Melatonin decreases androgen-sensitive prostate cancer growth by suppressing SENP1 expression

Lin Hao; Yang Dong; Jun-Jie Zhang; Hou-Guang He; Jian-Gang Chen; Shao-Qi Zhang; Qian-Jin Zhang; Wei Wu; Cong-Hui Han; Zhen-Duo Shi

doi:10.21037/tau-21-1110

Melatonin decreases androgen-sensitive prostate cancer growth by suppressing SENP1 expression

Transl Androl Urol. 2022 Jan;11(1):91-103. doi: 10.21037/tau-21-1110.

Authors

Lin Hao^#^{1

2}, Yang Dong^#^{1

2}, Jun-Jie Zhang^#^{1

2}, Hou-Guang He², Jian-Gang Chen¹, Shao-Qi Zhang¹, Qian-Jin Zhang¹, Wei Wu¹, Cong-Hui Han^#^{1

2}, Zhen-Duo Shi^#²

Affiliations

¹ Medical College of Soochow University, Suzhou, China.
² Department of Urology, Xuzhou central hospital, Xuzhou, China.

^# Contributed equally.

Abstract

Background: Melatonin is a hormone naturally produced by the pineal gland in the brain. In addition to modulating circadian rhythms, it has pleiotropic biological effects including antioxidant, immunomodulatory, and anti-cancer effects. Herein, we report that melatonin has the ability to decrease the growth and metastasis of androgen-dependent prostate cancer.

Methods: To evaluate the anti-cancer effect of melatonin on androgen-sensitive prostate cancer in vitro or in vivo, the effects of cell proliferation, apoptosis, migration and invasion were analyzed by using 3-(4,5-dimethylthiazol-2-yl)-2,5-diphenyltetrazolium bromide (MTT), colony formation, flow cytometry, Transwell assay, and immunohistochemistry (IHC), respectively. Next, the interaction between androgen receptor (AR) and SUMO specific protease 1 (SENP1) was detected by real-time quantitative reverse transcription-polymerase chain reaction (qRT-PCR) and western blotting, and confirmed by luciferase reporter assay. Furthermore, the Small Ubiquitin-like Modifier (SUMO) proteins are a group of small proteins that are covalently attached to and detached from other proteins in cells to modify their function. (SUMOylation) of histone deacetylases 1 (HDAC1) was measured by proximity ligation assay (PLA).
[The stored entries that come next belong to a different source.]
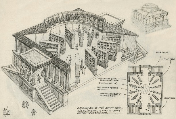 أما المؤرخ أميانوس مارسيلينوس في كتاب مصر في القرن الرابع فيقول «كانت مكاتب الإسكندرية لا تقوم بثمن واتفق الكتاب الأقدمون على أنها كانت تحوي 700 ألف كتاب بذل في جمعها البطالمة جهدًا كبيرًا ولقوا في سبياء ذلك عناءًا عظيمًا، وقد أحرقتها النيران في حرب الإسكندرية عندما غزاها يوليوس قيصر وضربها».
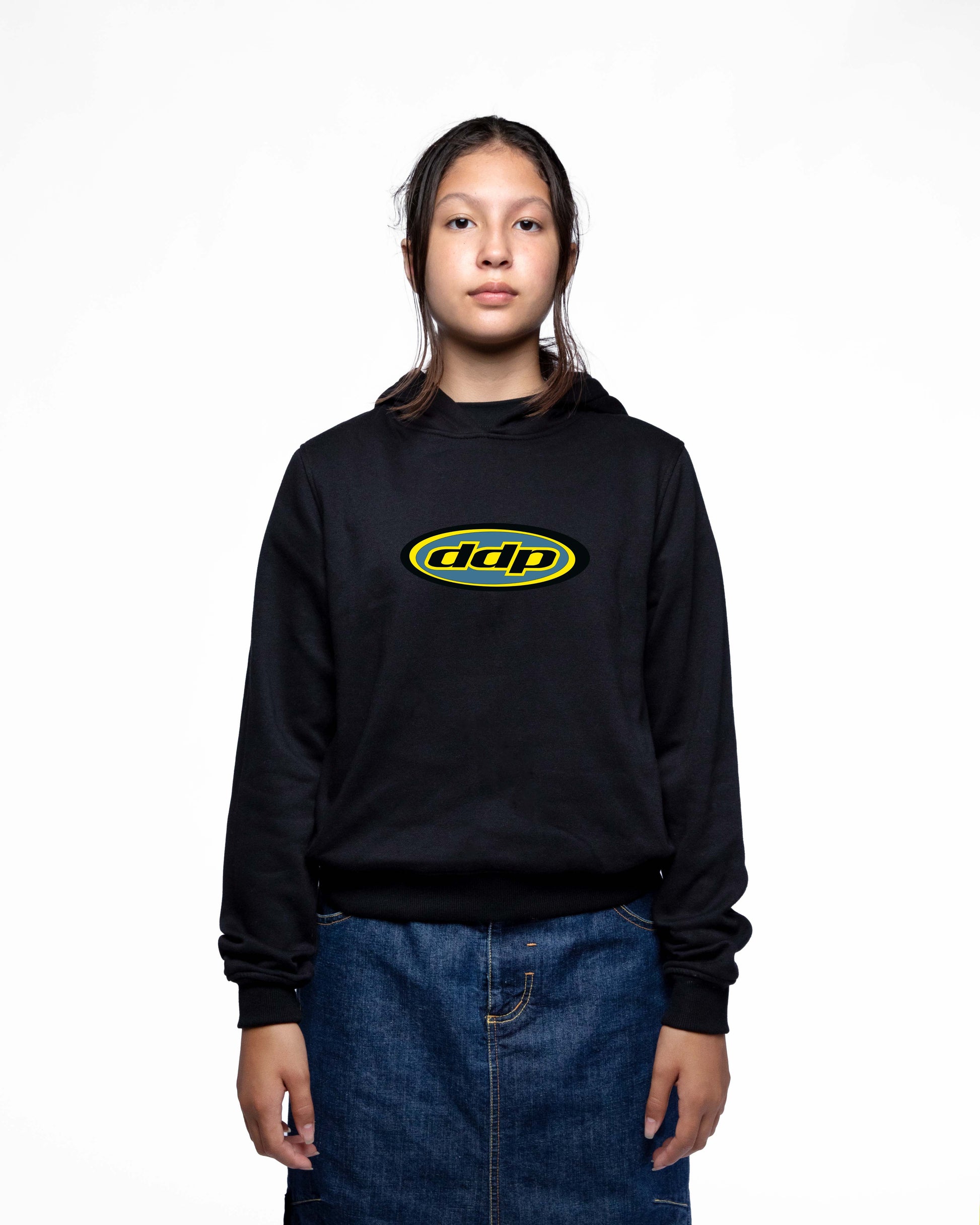 Hoodie crop enfant DDP95 : un sweat à capuche court en coton épais, avec le logo iconique DDP95 sérigraphié à l’avant.
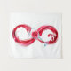 Símbolo infinito do fluxo contínuo de vinho tinto que entra em vidro de vidro sobre fundo branco.
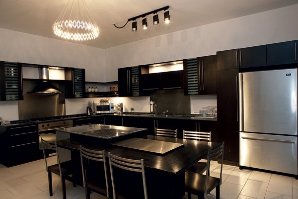وتحققت الانارة من «سبوت» وثريا تتدلى فوق وسط الطاولة.
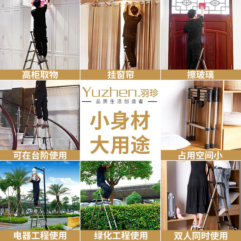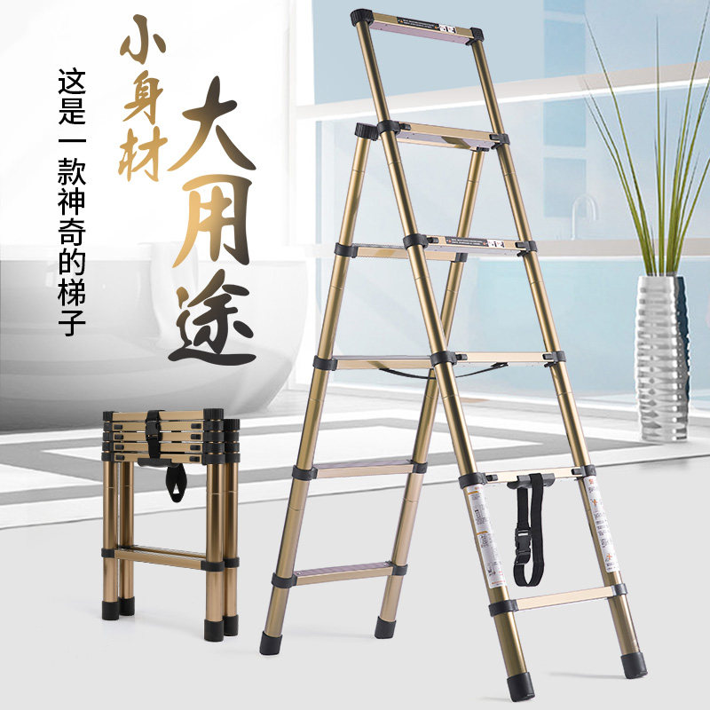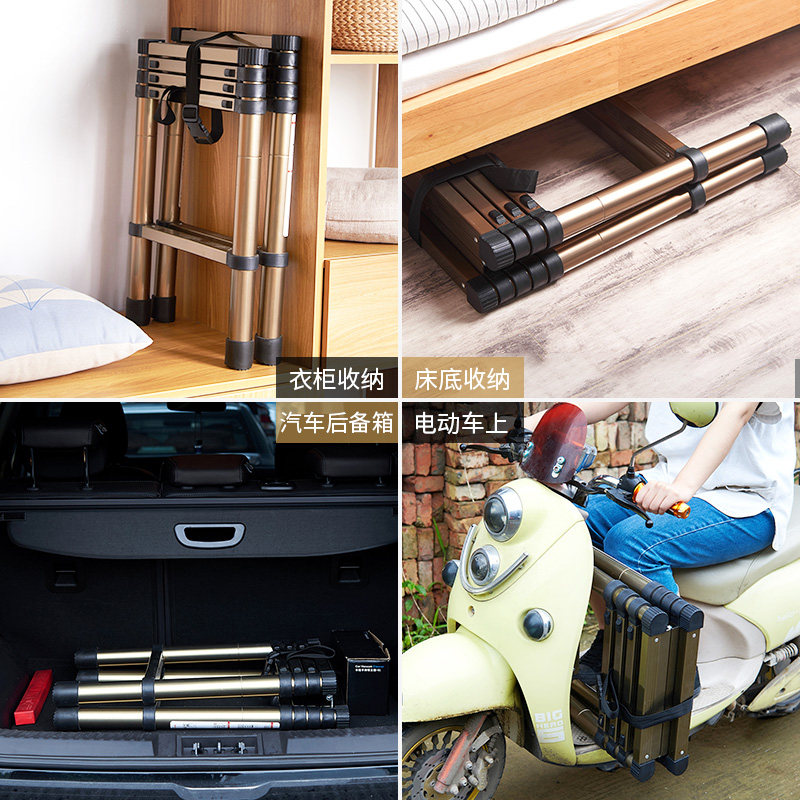 (Five Steps Thickened) champagne gold telescopic ladder (four-step thickened section) champagne gold telescopic ladder (five-step thickened) silver telescopic ladder (four-step thickened) silver telescopic ladder
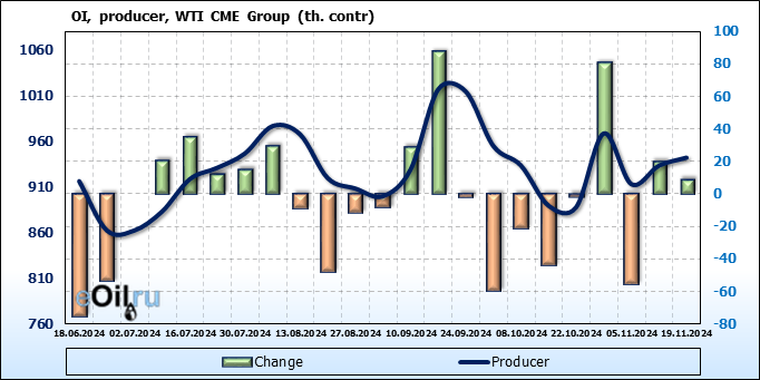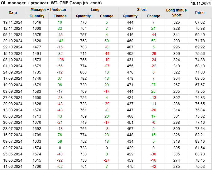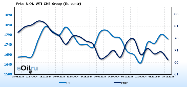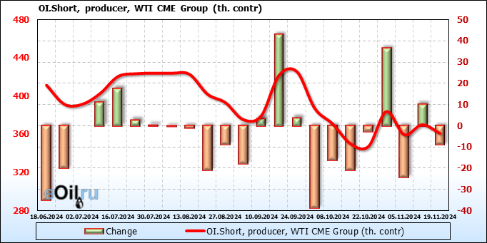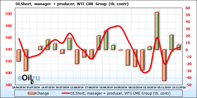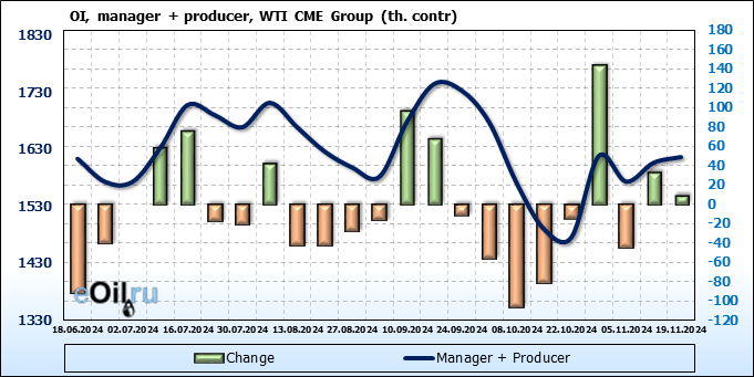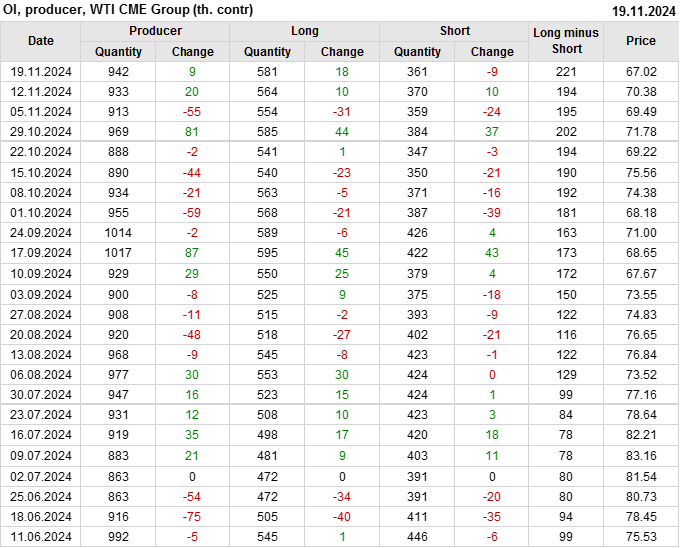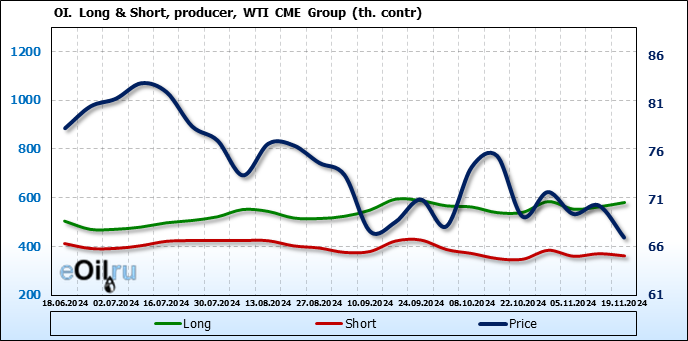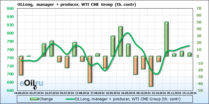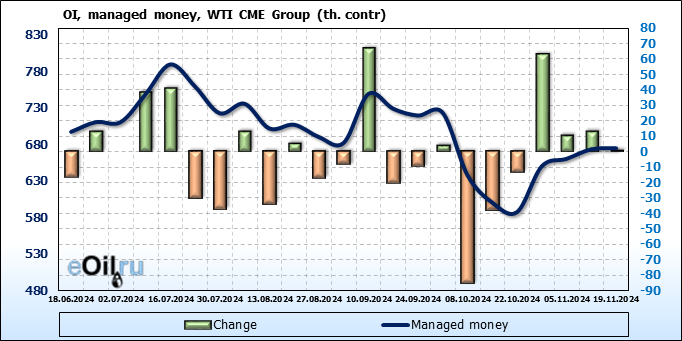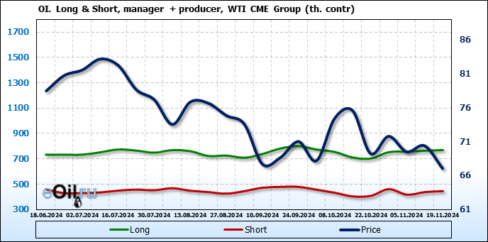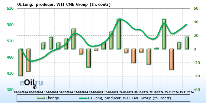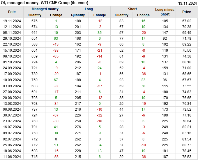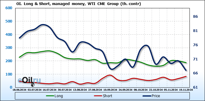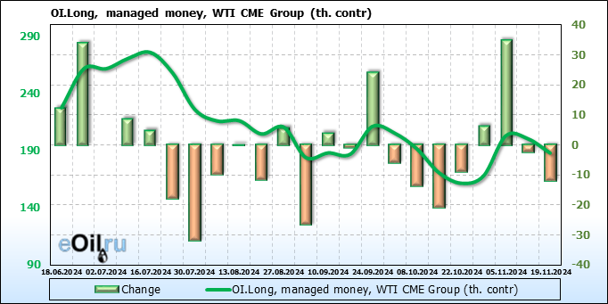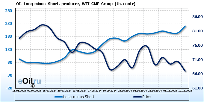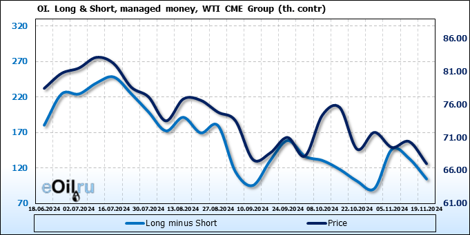 За прошлую неделю, 13.11.24 — 19.11.24, разница между длинными и короткими позициями управляющих сократилась на 28.7 тыс. контрактов. В тоже время, цена упала на 3.36 доллара.
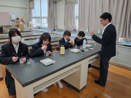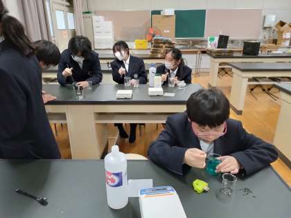 昨日のクラブ紹介を見て、科学部にたくさんの1年生が体験に来てくれました。
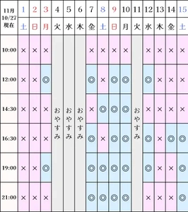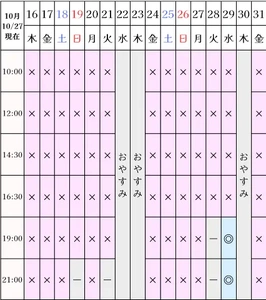 ?空き状況(10/27現在)
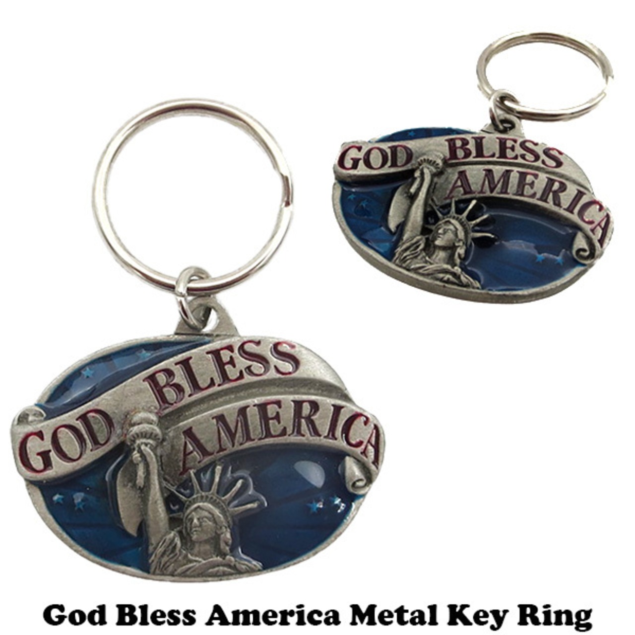 メタル製で凹凸仕様のGOD BLESS AMERICA キーリングです。
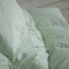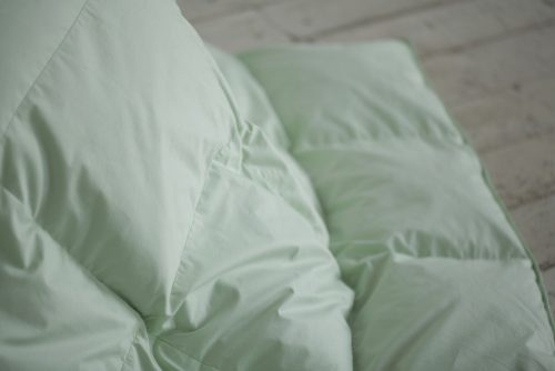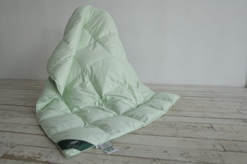 Атласный кант мятного цвета идеально гармонирует с тканью чехла и имеет двойную отстрочку , что является дополнительной гарантией более прочного шва, исключающего миграцию пуха в процессе использования.
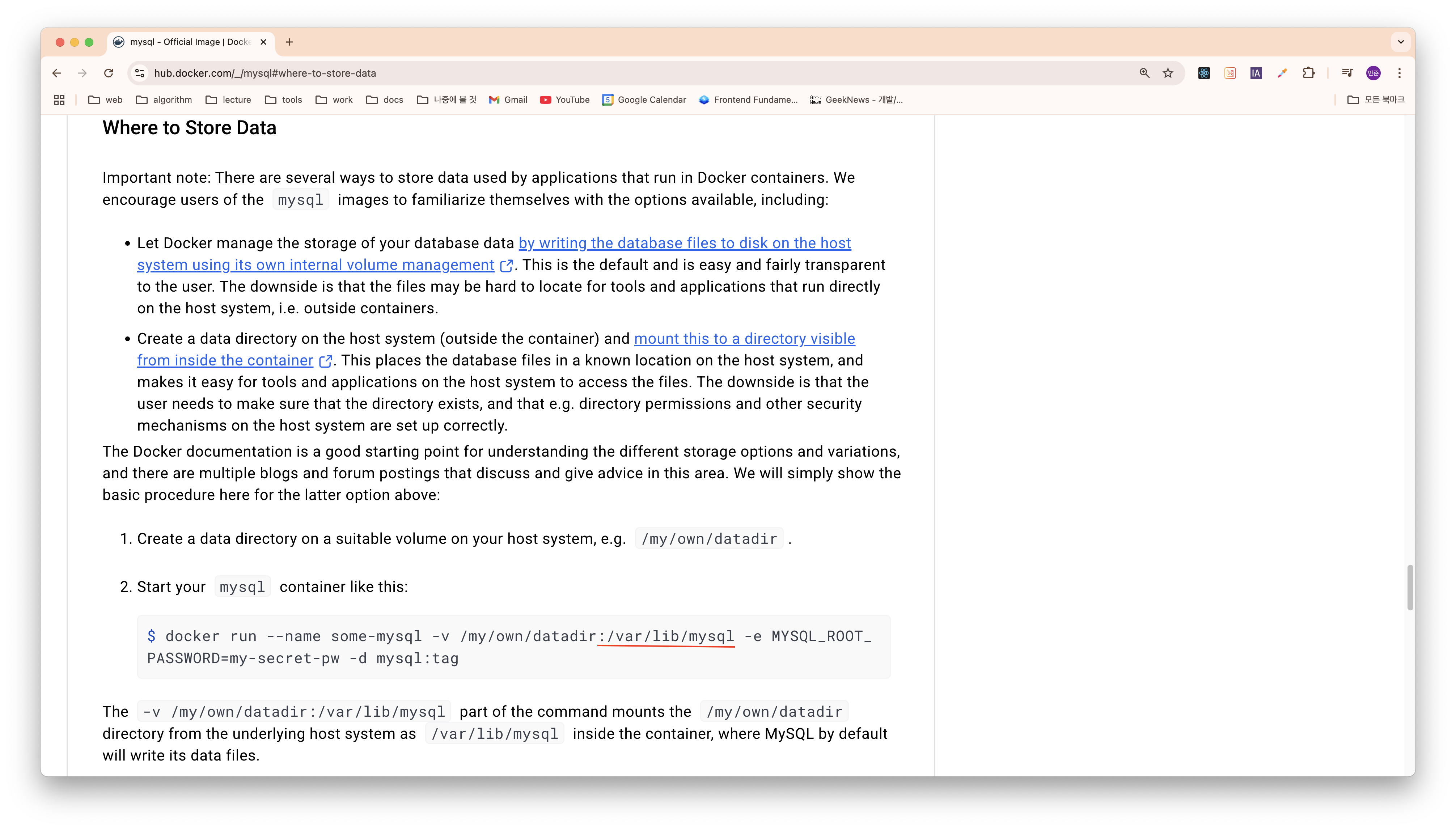 이번에는 MySQL에 대한 데이터 정보를 호스트의 일부 어떤 공간의 데이터로 저장해보려고 한다.

Results: The treatment of melatonin cripples the transcriptional activity of AR, which is essential for the growth of the androgen-dependent prostate cancer cell, LNCaP. The lower activity of AR was dependent on melatonin induced SUMOylation of HDAC1, which has been established as a key factor for the transcriptional activity of AR. Mechanistically, the effect of melatonin on AR was due to the decreased SENP1 protein level and the subsequent increased HDAC1 SUMOylation level. The overexpression of SENP1 abrogated the anti-cancer ability of melatonin on LNCaP cells.

Conclusions: These findings indicate that melatonin is a suppressor of androgen-dependent prostate cancer tumorigenesis.

Keywords: Melatonin (MT); SUMO specific protease 1 (SENP1); cell growth; prostate cancer.